Die nachstehende Abbildung zeigt Twitternachrichten von Aktivisten der Demokratiebewegung in Ägypten. Jeder Kreis bezeichnet eine Person oder Organisation, die in den Tagen der Revolution Anfang des Jahres Meldungen über die Nachrichtenbörse Twitter auf Englisch (blau) oder Arabisch (rot) versandten. Die Abbildung stammt vom Computerexperten Kovas Bogota.
«Jeder konnte mitmachen. Keiner stach heraus, keiner suchte nach Anerkennung.» Wael Ghonim, 30, Kairo, Marketingexperte von Google, Symbolfigur der ägyptischen Revolution
Das nachfolgende Abbildung zeigt die Kommunikationsströme der Internetplattform Facebook, der mittlerweile über 600 Millionen Menschen angehören. Auffallend, dass Chinas Internetnutzer, weite Teile Russlands, Brasiliens und Afrikas fast keine Trafic aufweisen, während etwa Tunesien und Ägypten, wo die Menschen ihre Diktaturen stürzten, wie Leuchttürme aus der Dunkelheit hervorleuchten.
«Alles ist denkbar. Wir ahnen nicht mal, was noch auf uns zukommt.» Professorin Debora Weber-Wulff, 54, Medieninformatikerin, im Internet "Wise-Woman"
Die folgende Grafik gibt einen Einblick in den Schwarm von "Gutenplag", wo nach verdächtigen Passagen in der Doktorarbeit von Karl-Theodor zu Guttenberg gefahndet wird. Farbig markiert sind auf dieser Homepage jene Absätze und Seiten, die Guttenberg nicht genannt hatte. Insgesamt hat "Guttenplag (
www.gutenplag.wikia.com) auf 371 Seiten 135 verheimlichte Quellen und 1218 plagiierende Fragmente festgestellt.
In der folgenden Grafik haben Forscher des Max-Planck-Instituts Saarbrücken die Verbreitung einer Twitternachricht unter mehr als 14'000 Nutzern nachgebildete. Der türkisfarbene Kreis zeigt den Start der Verbreitung; jede Farbe kennzeichnet eine Ausbreitungsstufe.
«Wenn man seine Stimme mit anderen verbindet, wird das ein mächtiger Chor.» Christoph Bautz
Zu sehen ist im folgenden Schaubild das Netzwerk von 500 nichtsahnenden Haustierfreunden, die sich während zwei Wochen regelmässig via Twitter mit einem Roboter ("JamesMTitus" - kein Mensch, sondern der Tarnname einer von Neuseeländern programmierten Software) unterhalten haben.

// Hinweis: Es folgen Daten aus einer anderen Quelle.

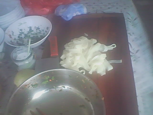 凉皮制作好的形状好似平底锅样的圆饼状,这样的形状有利于切制。切成细条后将其置入专用盆中放入适当的调料调拌后就可以食用了!

In dieser Zeit erhielt das künstliche Profil fast 200 Antworten von anderen Nutzern und konnte 107 "Follower" gewinnen. Soziale Netzwerke lassen sich demnach effektiv unterwandern.
«Das Vertrauen ins Kollektiv hat sich in der Geschichte als fatal erwiesen.» Jaron Lanier, 51, Informatiker, Essayist und Professor an der Eliteuniversität Berkley, USA
Die letzte Abbildung zeigt die "Geburt" eines Schwarms. Diskussionen via Twitter entstehen rasch, wie die nachstehende Visualisierung "revisit" von Moritz Stefaner aus Worpswede aufzeigt. Jedes Kästchen steht für eine Twitter-Nachricht, je weiter es in der Mitte zu finden ist, desto öfter wurde der Tweet weitergeleitet.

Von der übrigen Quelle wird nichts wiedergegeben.